# Sentiment Analysis using Python and Pands

## Preprosessing Textual Data using Pandas

In this first section, we will have a look at how textual data can be processed by a computer. In order to do so, we will use a tool called Pandas. First, we will convert some textual data into an array. Then, we vectorise it, which means that we transform each sentence into a vector of a length equal to the other vectors. 

In [0]:
import numpy as np
# Create text
text_data = np.array(['I love Paris.

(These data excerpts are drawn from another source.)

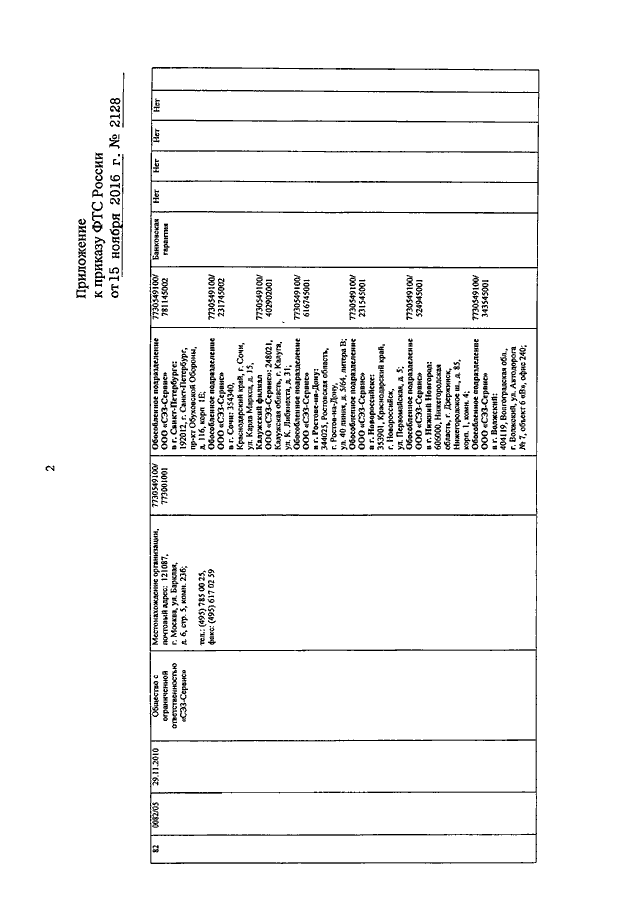 ПРИКАЗ ФТС РФ от 15.11.2016 N 2128
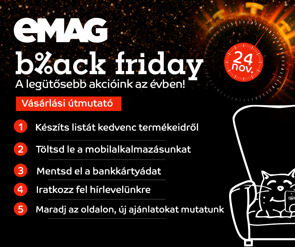 A kiemelt ajánlatok mellett szinte minden kategóriában ütős ajánlatokkal készül az eMAG a holnapi Black Friday akcióra: a játékoktól (37 000 db) a televíziókon (36 000 db) át a gépjárműabroncsokig (5000 db). A vásárlók bármilyen témában is keresnek, biztosan találnak majd kedvezményes árú termékeket. A klasszikus kínálat mellett idén is lesznek különleges ajánlatok, mint a spanyolországi vagy párizsi utazás, szépségápolási szolgáltatások, illetve az életmód- és táplálkozási tanácsadás és közös edzés Kiss Virággal, melyre a vásárló a Taxify segítségével juthat el.
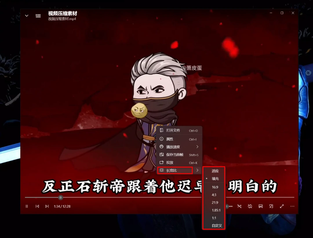 通过数字键快速调整播放窗口大小:
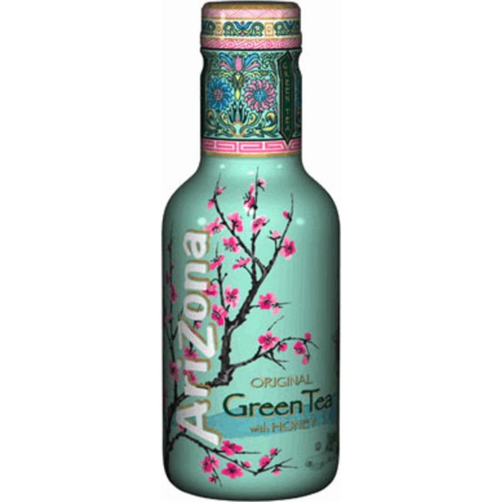 Boisson glacée au thé vert au ginseng et au miel. Les boissons Arizona sont réalisées à partir d'ingrédients 100% naturels, sans saveur artificielle, colorant ou conservateur. Produit à base de thé, infusé avec de vraies feuilles. Tous les produits sont préparés au moyen du procédé d'embouteillage à chaud, supprimant ainsi les besoins en conservateurs. Profitez des bienfaits du thé dans une boisson saine et rafraîchissante!. Eau, sucre, miel (0.18%), extrait de thé vert (0.14%), arôme naturel, antioxydant: acide ascorbique, acidifiant: acide citrique, extrait de ginseng.
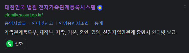 우선 다음이나 네이버에서 '가족관계신청서'를 검색하면 대한민국 법원 전자가족관계등록시스템이라는 사이트가 나옵니다.
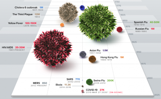 Η ιστοσελίδα visualcapitalist παρουσίασε όλες τις πανδημίες του παρελθόντος σε μια συγκριτική απεικόνιση.
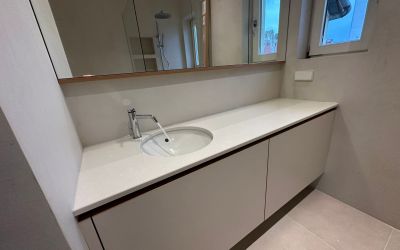 Eine Waschtischplatte aus Silestone YUKON mit einem Unterbaubecken ist eine ästhetische und praktische Lösung für Ihr Badezimmer. Quarzkompositstein ist ein hochwertiges Material, das nicht nur wunderschön aussieht, sondern auch äußerst langlebig ist. Es verleiht Ihrem Badezimmer eine elegante, helle und zeitlose Ästhetik.
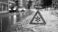 Plakat Zima - Triangular road sign with a snowflake symbol covered in snow, warning of icy and slippery roads,... #1759560664
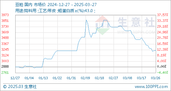 3月27日生意社豆粕基准价为3230.00元/吨
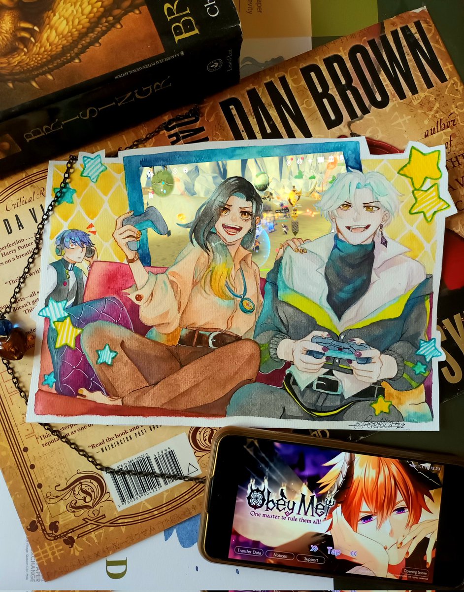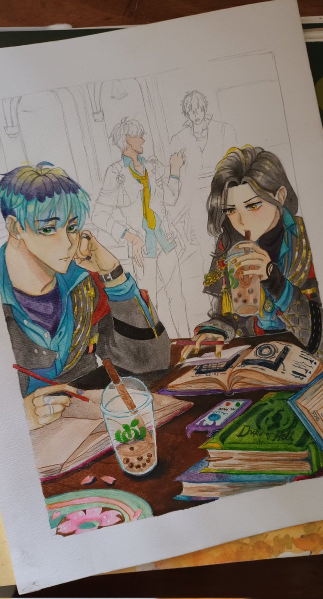 study time ft. milktea ⚜✨ Raven with Miguel ( @mikeyboheart ) #obeyme #obeymefanart #obeymemc #ObeyMeMammon #ObeyMeBeelzebub #art #watercolor #illustration
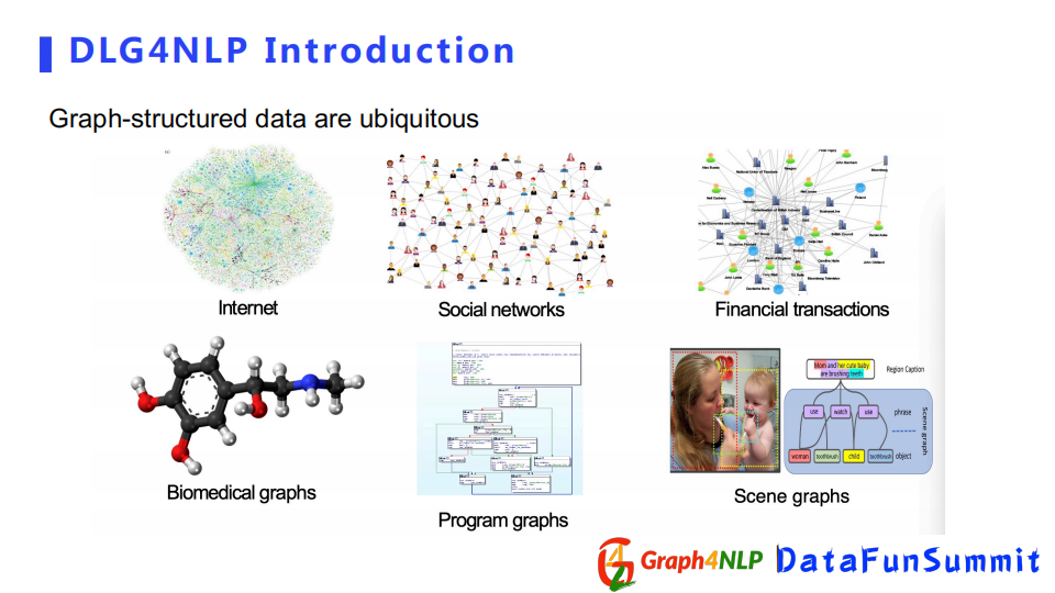 我们知道图结构数据是由节点和边组成的数据类型,在生活的方方面面都可以看到,尤其在大数据时代,比如互联网、社交网络、金融的交易网。还有可以表示成图结构的蛋白质等化学物质。我们也可以用图结构来表示逻辑关系的程序脚本。从图像领域来看,有表示图像里物体间相互交互关系的图结构。
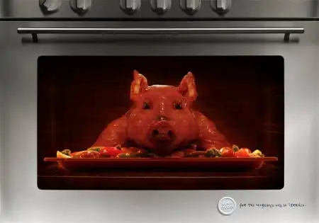 , а каким должен быть зажаренный, красный, кипящий в микроволновке поросенок? довольный жизнью?

Paris!',
                      'Japan is best',
                      'Germany is lovely',
                      'I do like Iceland',
                      'I love that movie',
                      'Cake is bad for you',
                      'Dont go to that restaurant',
                       'Very nice pies'])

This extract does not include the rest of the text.